_Assigned task_.
Return, word for word, every line starting at the line with "Refresh your home" and ending at the final line of the entries; skip the pictures.

_Task inputs_.
++++++

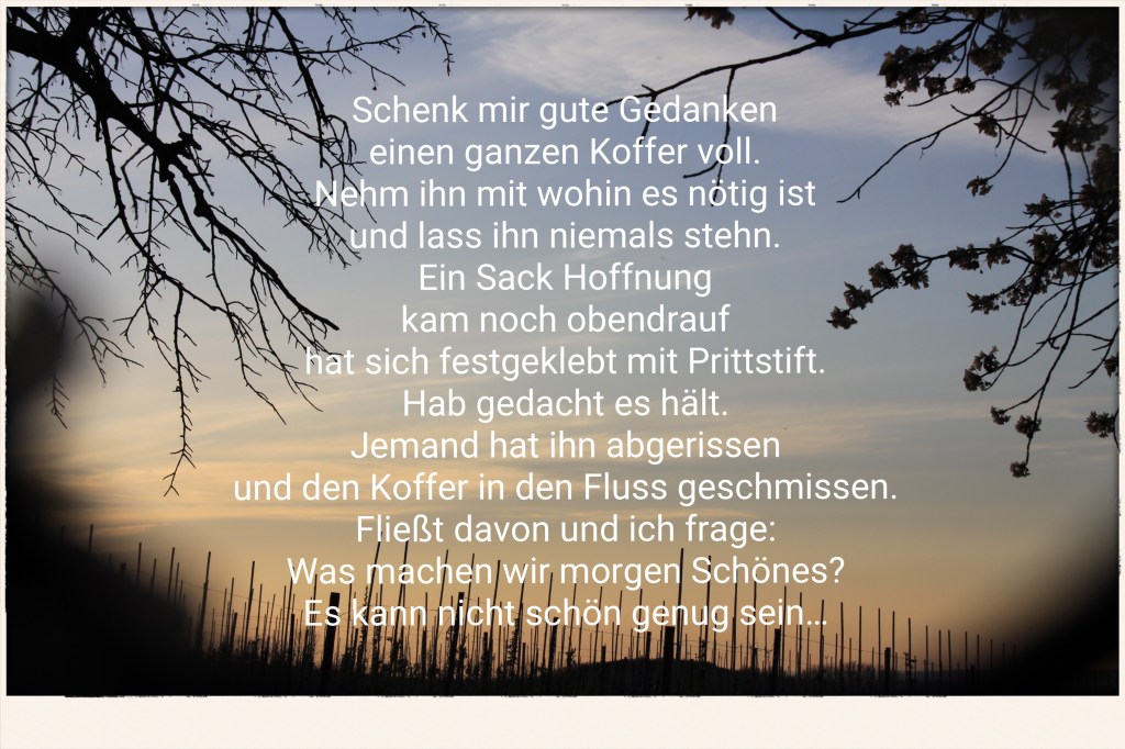 Es ist kompliziert – keine tröstenden Worte auf Lager. Diesmal nicht. Ich bin traurig und auch wütend, aber die Fragen nach dem WARUM stellen sich schon lange nicht mehr. Ich werde nicht müde werden, Dir Mut zu machen. Es kann immer etwas passieren – und so ein Mist – auch bei DIR.
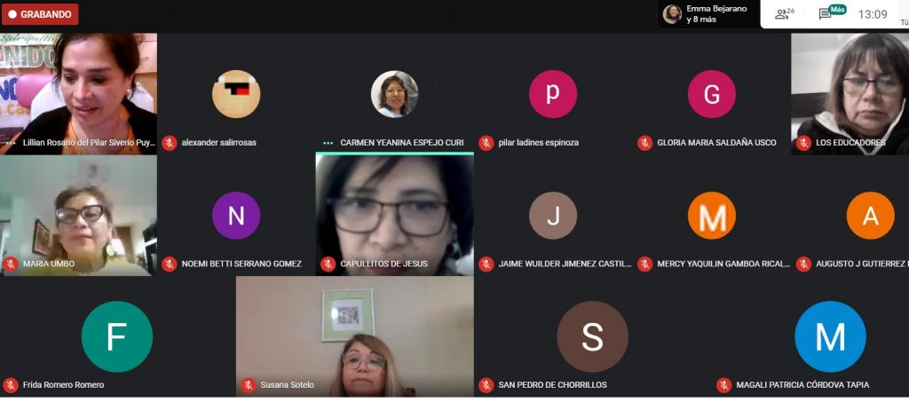 El encuentro inició con la presentación de la directora de la UGEL 07, Gloria María Saldaña Usco, que resaltó el trabajo dedicado y constante de los profesores y el acompañamiento que estos le dan a sus alumnos en el contexto de la emergencia sanitaria que atraviesa el país a causa del COVID–19.
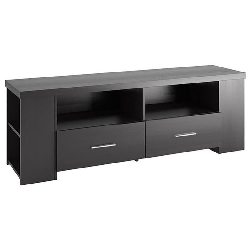 Refresh your home with this engaging combination of modern design and efficient storage space from the Atlin Designs. This contemporary TV Stand features a variety of storage solutions; dual storage drawers, open storage shelves and discrete side shelves ideal for CDs, DVDs and books. Organization never looked so good. Complete in our signature Ravenwood Black finish and designed to accommodate most TVs up to 75″.
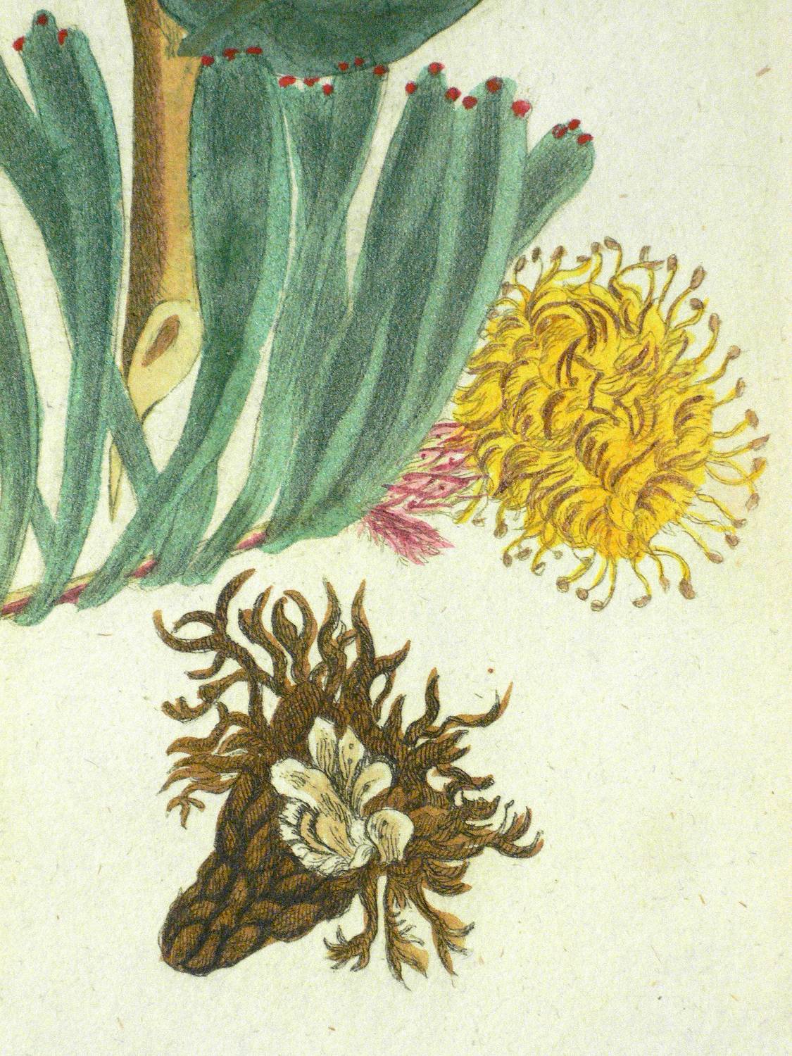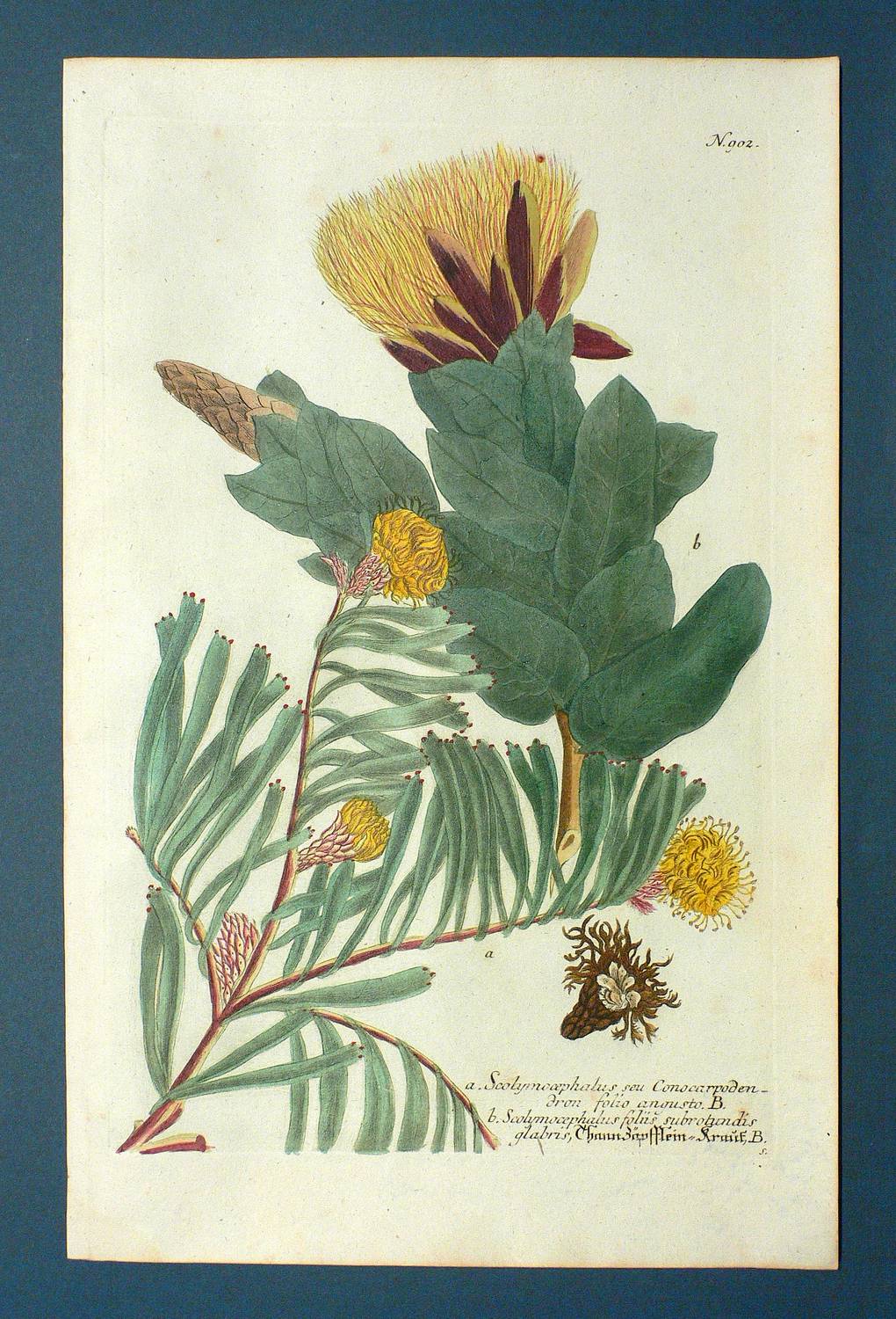 Aus: Johann Wilhelm Weinmann, Phytanthoza-Iconographia Oder Eigentliche Vorstellung Etlicher Tausend, So wohl Einheimisch- als Ausländischer, aus allen vier Welt-Theilen, in Verlauf vieler Jahre (...) gesammelter Pflantzen, Bäume, Stauden, Kräuter, Blumen, Früchten und Schwämme (Regensburg: Lentz 1745), Bd. IV. – Rechts unten Signatur, rechts oben Tafel-Nr. "902", unterhalb ausführliche Inschrift. – Bei der Herstellung der Tafeln arbeiteten die Augsburger Künstler Bartholomäus Seutter, Johann Jakob Haid und Johann Elias Ridinger zusammen. Die Kupfer wurden in einer für die Zeit revolutionären Weise farbig gedruckt und sodann partiell von Hand koloriert. Dabei fand der von Seutter weiterentwickelte Mezzotinto-Farbdruck des Niederländers Johannes Teyler Anwendung. – Das kräftige Büttenpapier sauber und frisch. Kontrastreiches wohlerhaltenes Kolorit. Insgesamt guter Erhaltungszustand.
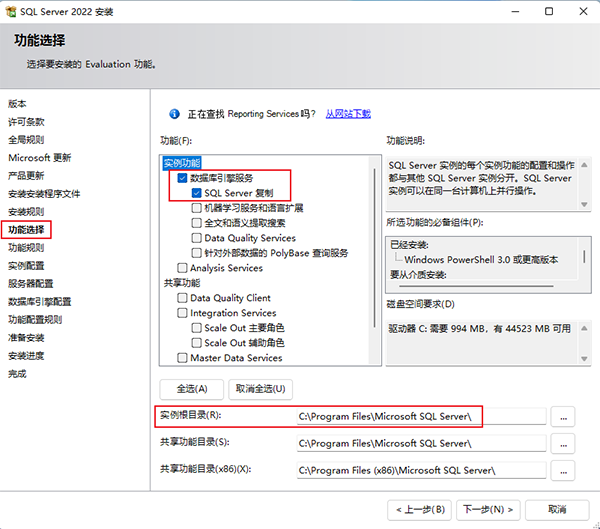 10、功能选择,建议选择这两个基本功能,更改实例根目录(这里注意更改实例根目录只建议更改盘符,后面路径不要更改),点击下一步;
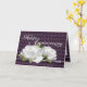 Elegantes rosas blancas con flor total en una tarjeta de aniversario de boda púrpura profunda con año personalizado. Personalice el año y el versículo interior en la plantilla proporcionada. Fotografía original y diseño de Anura Design Studio 2010.

++++++

_Solution to this task_.
 Refresh your home with this engaging combination of modern design and efficient storage space from the Atlin Designs. This contemporary TV Stand features a variety of storage solutions; dual storage drawers, open storage shelves and discrete side shelves ideal for CDs, DVDs and books. Organization never looked so good. Complete in our signature Ravenwood Black finish and designed to accommodate most TVs up to 75″.
 Aus: Johann Wilhelm Weinmann, Phytanthoza-Iconographia Oder Eigentliche Vorstellung Etlicher Tausend, So wohl Einheimisch- als Ausländischer, aus allen vier Welt-Theilen, in Verlauf vieler Jahre (...) gesammelter Pflantzen, Bäume, Stauden, Kräuter, Blumen, Früchten und Schwämme (Regensburg: Lentz 1745), Bd. IV. – Rechts unten Signatur, rechts oben Tafel-Nr. "902", unterhalb ausführliche Inschrift. – Bei der Herstellung der Tafeln arbeiteten die Augsburger Künstler Bartholomäus Seutter, Johann Jakob Haid und Johann Elias Ridinger zusammen. Die Kupfer wurden in einer für die Zeit revolutionären Weise farbig gedruckt und sodann partiell von Hand koloriert. Dabei fand der von Seutter weiterentwickelte Mezzotinto-Farbdruck des Niederländers Johannes Teyler Anwendung. – Das kräftige Büttenpapier sauber und frisch. Kontrastreiches wohlerhaltenes Kolorit. Insgesamt guter Erhaltungszustand.
 10、功能选择,建议选择这两个基本功能,更改实例根目录(这里注意更改实例根目录只建议更改盘符,后面路径不要更改),点击下一步;
 Elegantes rosas blancas con flor total en una tarjeta de aniversario de boda púrpura profunda con año personalizado. Personalice el año y el versículo interior en la plantilla proporcionada. Fotografía original y diseño de Anura Design Studio 2010.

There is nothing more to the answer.